Interferon‐γ (IFNγ) induces plasmablast differentiation, whereas both IFNγ and CpG‐DNA further upregulate T‐bet and trigger IgG1 switching in B cells of multiple sclerosis (MS) patients. (A–D) Naive (IgG⁻CD27⁻; dots) and memory (IgG⁺CD27⁺; squares) B cells were sorted from peripheral blood of healthy donors and were cultured under T follicular helper (Tfh)‐like conditions with IL‐21 and 3T3‐CD40L cells, with or without IFNγ and/or CpG‐DNA. Frequencies of T‐bet⁺ and CXCR3⁺ B cells after 11 days of culture using (A) naive B cells (n = 12) and 6 days of culture using (B) memory B cells (n = 10–12) are shown. The frequencies of (C) plasmablasts (CD38^highCD27⁺; n = 12) and (D) membrane‐bound (m) mIgG1⁺ and mIgG2⁺ B cells were analyzed after culturing naive populations for 11 days (n = 12). (E) Correlation between cellular expression and secretion of IgG1 was determined by FACS and enzyme‐linked immunosorbent assay (pooled stimulation conditions for 5 donors). (F–H) Naive B cells from the blood of MS patients (n = 6; dark blue dots) and healthy controls (HC; n = 6; gray dots) were cultured under the same Tfh‐like conditions and analyzed for (F) plasmablast (CD38^highCD27⁺) and (G, H) CXCR3⁺mIgG1⁺ and CXCR3⁺mIgG2⁺ B‐cell differentiation after 11 days of culture. Data are presented as the mean ± standard error of the mean. *p < 0.05, **p < 0.01, ***p < 0.001. The p values for A–D and F–H were calculated by the Wilcoxon matched‐pairs signed rank test.
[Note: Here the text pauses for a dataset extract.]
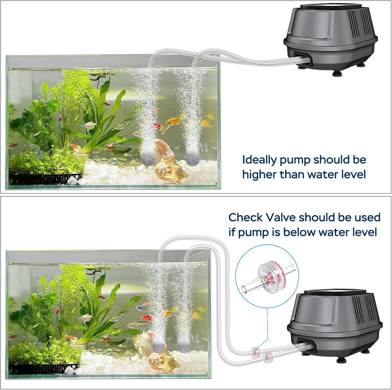 COMPREHENSIVE KIT – This fish tank bubbler includes 5 x airline tubing, 5 x air stones, 5 x check valves, and 2 x air filter pads. It provides all necessary components for a quick and straightforward setup—no need for extra purchases!
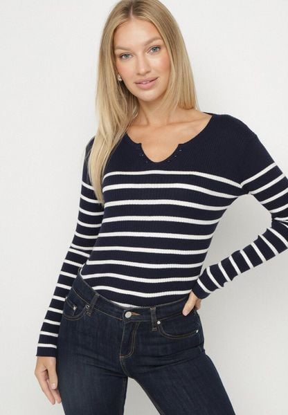 Granatowa Bluzka z Bawełną w Paski Ozdobiona Guzikami Gelvila

The correlation coefficient and p value for E were calculated by Spearman rank correlation.

Figure 6

Interferon‐γ (IFNγ) and Toll‐like receptor 9 (TLR9) signaling upregulate T‐bet in peripheral B cells, likely driving CXCR3‐mediated recruitment and IgG1 production in the central nervous system of multiple sclerosis (MS) patients. Our findings suggest that in the secondary lymphoid organs of MS patients, IFNγ triggers naive B cells to differentiate into T‐bet–expressing populations in a T follicular helper (Tfh)‐dependent manner. Human T‐bet⁺ B cells can either develop into plasmablasts or undergo further differentiation into IgG1⁺ memory B cells mediated by TLR9 ligation. The enhanced CXCR3 expression on both IFNγ‐ and TLR9‐induced IgG1⁺ B cells makes these subsets highly capable of transmigrating across the blood–brain barrier and mediate local pathology in MS. TCR = T‐cell receptor.